Share Help Cite Discuss in SciProfiles

Open AccessArticle

Peer-Review Record

Related Stocks Selection with Data Collaboration Using Text Mining^†

Information 2019, 10(3), 102; https://doi.org/10.3390/info10030102

by Masanori Hirano^1,*

, Hiroki Sakaji², Shoko Kimura³, Kiyoshi Izumi², Hiroyasu Matsushima², Shintaro Nagao³ and Atsuo Kato⁴

Reviewer 1: Anonymous

Reviewer 2: Anonymous

Information 2019, 10(3), 102; https://doi.org/10.3390/info10030102

Submission received: 23 January 2019 / Revised: 17 February 2019 / Accepted: 4 March 2019 / Published: 7 March 2019

(This article belongs to the Special Issue MoDAT: Designing the Market of Data)

Round 1

Reviewer 1 Report

The article describes a method to suggest stocks for specific themes. The application is in a sense novel and interesting to the research community. Cohen's kappa is used to show the difficulty of the task and F1, acc scores show good improvements benchmarked on human performance. The method is detailed and sound. I recommend to accept this article after minor revisions.

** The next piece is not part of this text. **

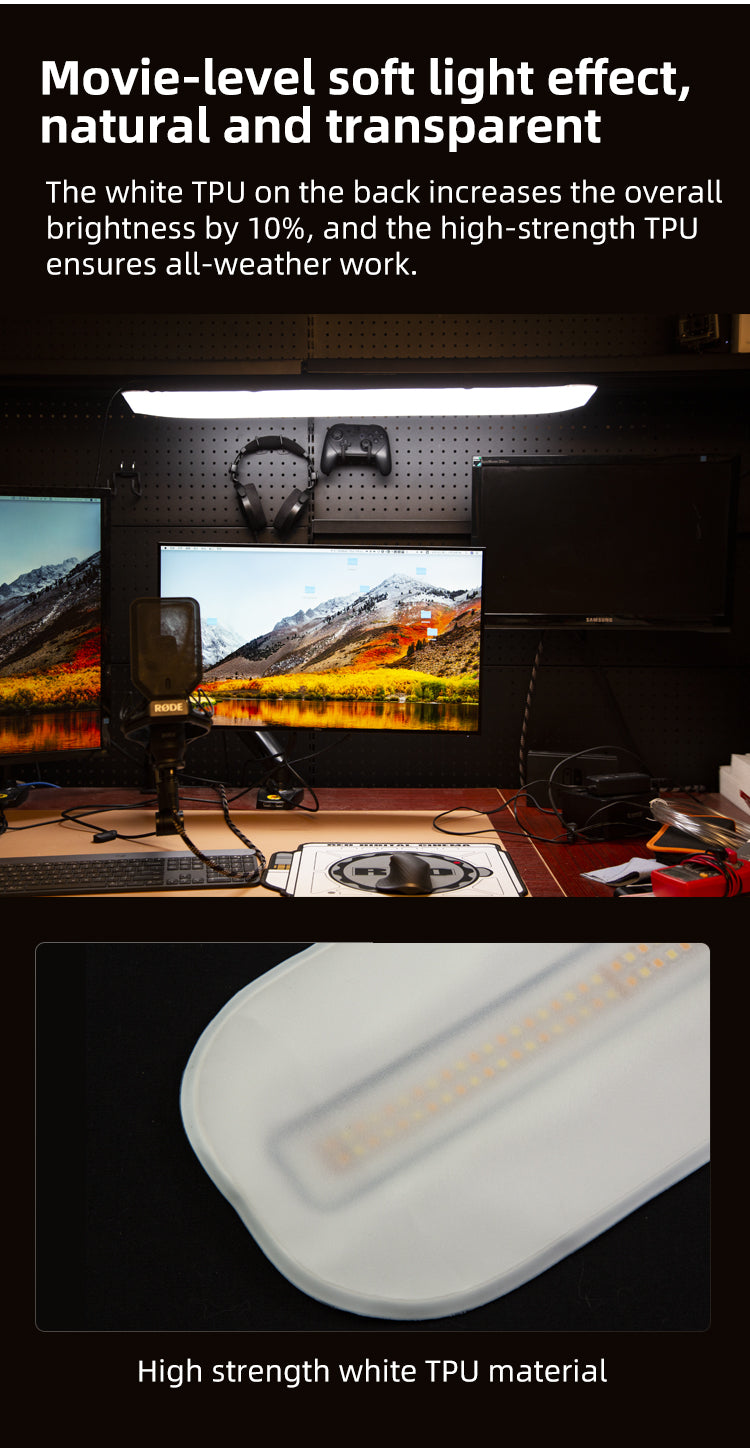 Small, compact, and space-saving, the 35.4" Bi-Color Inflatable LED Tube Light from INKEE is a 19.2W flexible lighting tube for content creators and vloggers shooting on-the-go. Constructed of 320 full-spectrum beads, the tube's flexible material morphs into different shapes for variety. With high CRI and TLCI ratings, accurately create customized lighting with multi-level brightness adjustment options, or replicate ambient light with 2700, 4000, 5600, and 6500K color temperatures. Secure the AC/DC-powered light to a magnetic surface with the three embedded N52 magnets or use it handheld. This lightweight tube adds soft, natural illuminations or can add additional fill to small, dark areas.

1) line 40 answer data -> ground truth data; line 40-43 -> use number instead of a, b, c...

2) line 56-64, line 133-152, line 244-294, table 7,8,9 can be moved to appendices to make the article more compact/concise

3) line 294: typo topnn -> top n

4) brief explanation why use MeCab for morphological analysis not KyTea or JUMAN++?

5) update doi for reference 3-9 and 21-24.

Author Response

Thank you for your reviewing and valuable comments. In followings, we respond to your comments point by point.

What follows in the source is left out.